Le commercial ? "Un professionnel de l'influence"
Spécialiste des questions d'influence dans le monde économique, Ludovic François, professeur affilié à HEC, nous explique à l'occasion de la sortie de son dernier livre, "Influentia la référence des Stratégies d'influence", en quoi les commerciaux sont des managers influents.
Je m'abonneQu'est-ce que l'influence ?
La notion d'influence est très complexe. Initialement, Influentia, en latin, désigne une action attribuée aux astres sur la destinée des hommes. Il s'agit alors d'une sorte d'énergie mystérieuse s'écoulant du ciel pour orienter le comportement. Plus tard, Robert Dahl, professeur émérite de sciences politiques à l'Université Yale, matérialise l'influence lorsque "les desiderata ou les intentions de l'un agissent sur les actions de l'autre". Pour lui il s'agit d'un processus intentionnel visant à modifier l'attitude. Cependant, l'influence peut aussi être involontaire. Par exemple, le footballeur dont la coupe de cheveux va être imitée par des milliers de jeunes gens n'a probablement pas pour objectif de lancer une mode. Dans notre ouvrage "Influentia La référence des stratégies d'influence", nous nous intéressons aux stratégies d'influence, c'est à dire à l'instrumentalisation de ces phénomènes pour orienter de manière invisible les perceptions et in fine les actions d'individus ou de groupes sociaux. Concrètement, lorsque James Bond porte une montre Omega, boit du champagne Bollinger et roule en Aston Martin, les marketeurs orientent les comportements d'achat en faisant appel à des phénomènes psychologiques bien connus.
Les managers commerciaux ont-ils des caractéristiques de personne influente ?

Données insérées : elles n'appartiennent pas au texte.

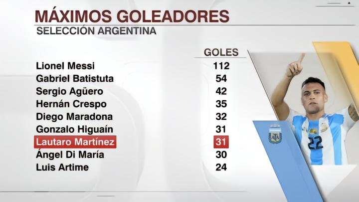 在阿根廷1-2不敌巴拉圭的比赛中,劳塔罗-马丁内斯帮助球队破门。他已经代表阿根廷国家队打入了31球,追平伊瓜因。阿根廷国家队队史射手榜,梅西以112球排名第一,遥遥领先其他球员。

Un commercial est un professionnel de l'influence. Son métier réside à "fabriquer" du consentement. Il doit injecter de l'information au bon endroit pour orienter les perceptions et au final emporter la décision. Susciter l'adhésion pour vendre, c'est d'abord maitriser les relations entre les acteurs, en particulier dans les appels d'offre où les motivations d'achat sont parfois contradictoires en interne. Trop souvent, l'image d'Epinal du commercial est celle d'une personnalité dotée d'un bagout hors du commun. Aujourd'hui, un bon commercial est quelqu'un qui va savoir se mouvoir dans un environnement complexe, comprendre les enjeux de pouvoir dans les organisations et mener les actions d'influence pertinentes. Pour cela, en amont une analyse fine de la situation est indispensable. Nous pourrions donc comparer le métier de vendeur à celui de lobbyiste. Les enjeux sont les mêmes, avec un travail sur la décision et le consentement.

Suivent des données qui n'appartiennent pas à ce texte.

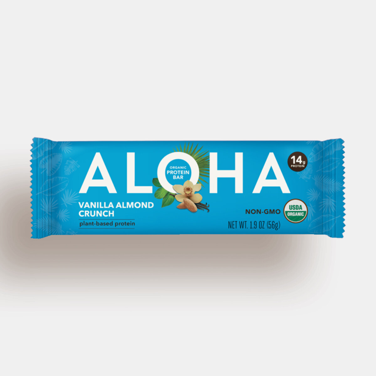 All about living your best (and most nutritious, sustainable) life? Youâre going to love Alohaâs Vanilla Almond Crunch Protein Bars. Theyâre slightly sweet, a bit nutty, and more filling than a typical handful of almonds or peanuts. Made with 12 simple and USDA Certified Organic ingredients, Aloha bars will have you ready to take on the day in no time.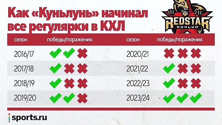 ● Сезон-2020/21 – единственный, когда «Куньлунь» не выиграл ни одного из трех стартовых матчей регулярки. Тогда все складывалось совсем плохо. Первая игровая победа в регулярке – 15 октября 2020 года над «Салаватом» (5:3). Что до этого: 13 поражений и технический успех над «Локомотивом» (5:0). Ярославский клуб просто не приехал на ту игру из-за ковида.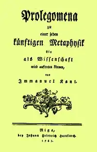 Prolegomena to Any Future Metaphysics That Will Be Able to Present Itself as a Science (German: Prolegomena zu einer jeden künftigen Metaphysik, die als Wissenschaft wird auftreten können) is a book by the German philosopher Immanuel Kant, published in 1783, two years after the first edition of his Critique of Pure Reason. One of Kant's shorter works, it contains a summary of the Critique‘s main conclusions, sometimes by arguments Kant had not used in the Critique. Kant characterizes his more accessible approach here as an "analytic" one, as opposed to the Critique‘s "synthetic" examination of successive faculties of the mind and their principles.[1]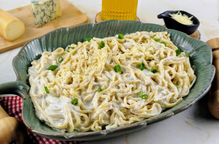 - Escorra a massa e transfira imediatamente para a panela do molho. Misture delicadamente para envolver todo o talharim no molho cremoso;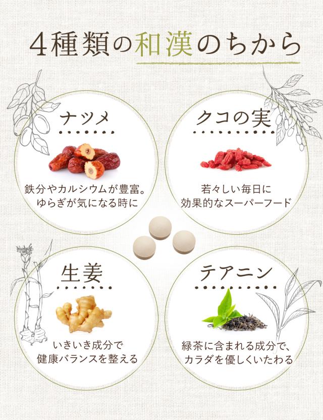 還元麦芽糖(国内製造)、大豆抽出物、乳糖発酵物(乳成分を含む)、クコの実末、ショウガ末、ナツメ抽出物/セルロース、V.C、卵殻Ca、ステアリン酸Ca、二酸化ケイ素、V.E、L-テアニン、パントテン酸Ca、V.B1、V.B6、V.B2、V.A、葉酸、V.D、V.B12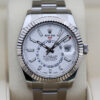 THE WATCH IS A COMBINATION OF WHITE GOLD AND OYSTERSTEEL THAT FEATURES A STUNNING BLUE DIAL WITH A SUNRAY FINISH THAT IS OBTAINED USING MASTERFUL BRUSHING TECHNIQUES TO CREATE A CHARACTERISTIC SUBTLE GLOW THAT MOVES DEPENDING ON THE POSITION OF THE WRIST.

Est-ce forcément négatif d'être sous influence ?
"Nous sommes tous sous l'influence de quelqu'un"
Non pas forcément. Nous sommes tous sous l'influence de quelqu'un. Moi-même, j'ai été influencé par de grands auteurs, des collègues, des amis, ma famille, etc. Ce qui est négatif, c'est d'être manipulé et donc de perdre son libre arbitre. La question centrale est celle de la liberté de choix. Lorsque, insidieusement, on oriente vos perceptions pour obtenir votre consentement, c'est négatif. Quelle différence entre convaincre et manipuler ? Parfois, la frontière est ténue. Les méthodes de vente restent des techniques d'influence. On est à la limite de la manipulation. On apprend à orienter le client dans un sens souhaité. Elles représentent donc un outil d'influence.
Professeur affilié à HEC Paris, docteur en sciences de gestion et habilité à diriger des recherches à la Sorbonne, Ludovic François est aussi diplômé du master HEC management des risques internationaux.
Il est l'auteur de plusieurs ouvrages dont "Contre-pouvoirs, de la société d'autorité à la démocratie d'influence" avec François-Bernard Huyghe (Ellipses, 2009).
Depuis plusieurs années, il conseille des dirigeants de grands groupes et d'ETI sur les questions de réputation et de communication d'influence.